Where "exclusive" ensured, that no other job was running on the same machine at the same time and with all other parameters set according to the the paper. A complete list of all calls can be found in the the runSomeStuff.sh in the git. This script was called on each host used in the scaling tests. Beforehand, a directory hostnamehad to be created where the JudiciousCpp and MSAconverter binaries are stored. The compile.sh script has been used to generate such a directory for each host. Be aware, that this script is highly specific to our test setup.

After running all tests on all hosts, the resulting .csv files were concatenated and stored in the results directory. The plots where then generated with the prettyFigures.R script which needs R with the ggplot2, dplyr and readr packages installed.

Quality Tests

Creating the data for the quality graphs - presenting the performance of the naive approach to partition an MSA partition versus our judicious partitioning - is a multiple step approach:

  1. Run the naive and judicious partitioning with ./very-naive-split.py <repeats file> <list of block numbers> and ./JudiciousPartitioning <repeats file> <list of block numbers>, respectively for all repeat files that are shown.
  2. Perform repeat class counts on all the results to get the metrics by calling ./RepeatsCounter <repeats file> <result file> where <repeats file> needs to be the same that created the result in step 1 and <result file> is the said result from step 1.
  3. Extract the needed metrics from the RepeatsCounter output and put it in a csv format. For that, we created the script create_csv_for_quality_tests.py which expects the used repeats file and the folder with all the RepeatsCounter output (one file per output with specific file name). For specific information about how to call it, there is a --help command which gives information as shown below. Additionally, the name of the used partitioning scheme and the used block numbers needs to be supplied in a constant at the top of the script. The script is run for each repeats file twice, once for the repeat loss metric and once for the WorstRCC metric.
usage: create_csv_for_quality_tests.py [-h] [--boxplot] [--loss]
                                       [--print_name]
                                       repeats_file results_folder
                                       repeats_name

Take a bunch of rcccount files and create a csv that contains all the results
in an ordered fashion such that one can create cute graphs from it.

To use this script, all rcccount result files have to be located in one
directory and must comply with the following naming scheme:
  <algorithm>_<repeats_name>_<value_of_k>.rcccount
e.g. for the repeats file 404.repeats, files must be named like this:
  rdda_404_2.rcccount
  rdda_404_4.rcccount
  ...
  hybrid_404_8192.rcccount

positional arguments:
  repeats_file    the repeats file for which you want to check rccc results
  results_folder  the folder where all rcccount result files are located
  repeats_name    the name of the repeats file as in the rcccount file names

optional arguments:
  -h, --help      show this help message and exit
  --boxplot       changes output csv content boxplot requirement
  --loss          Parse repeats loss instead of RCC
  --print_name    Add file name to the output
  1. The data produced by step 3 gets transposed by calling ./csv_transpose.py < output_step_3 and then concatenated in one big file.
  2. Step 1-4 is run 5 times and the results are averaged to reduce influence of parallelization impact by ./average_results.py. This is imporant as the parallelized judicious partitioning is not deterministic and results in different results each run.

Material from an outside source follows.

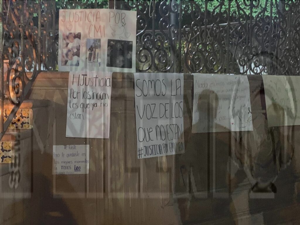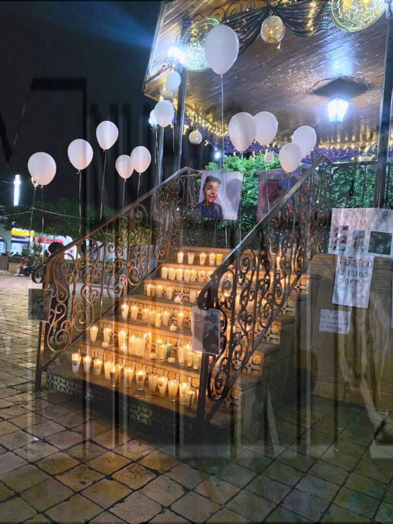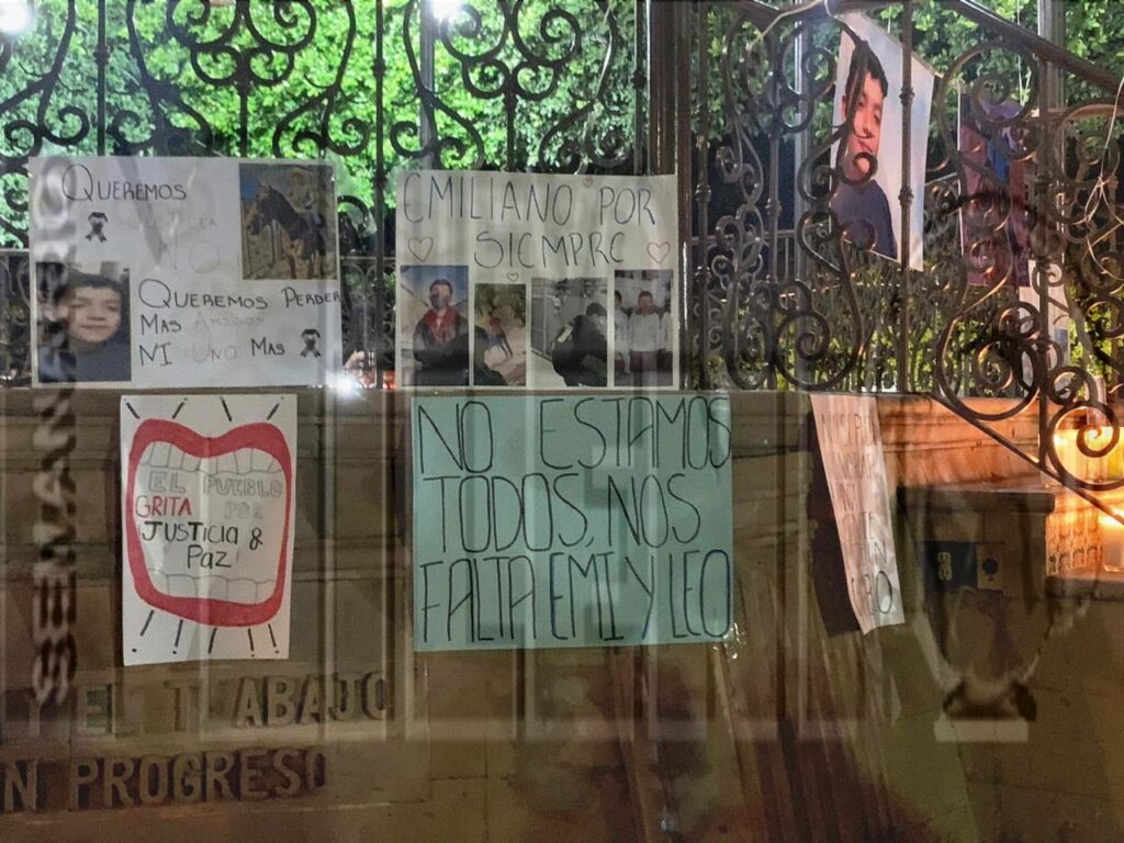 Así mismo, en el kiosco de la plaza pública colocaron cartulinas con diversos mensajes, exigiendo justicia y pidiendo paz, “Somos la voz de los que ya no están”, “Justicia por los inocentes que ya no están”, “Te fuiste, pero te quedaste en los mejores momentos, Leo”, “NO se puede Ignorar a la gente que pide un cambio”, “No estamos todos, nos falta Emi y Leo”. “El Pueblo Gita y pide Justicia y Paz”, “Queremos Justicia, no queremos perder más amigos, ni uno más”, “Emiliano por siempre”.

For running the partitioning and running it through RepeatsCounter in one call, we used the script automation.py. This script is not very user friendly written, instable and made for our specific test setup, but you can take a look at it to get an idea of the pipeline. For easier csv generation, we also created the script generateresults.py which combines metric extraction, transposing and concatenating in one step.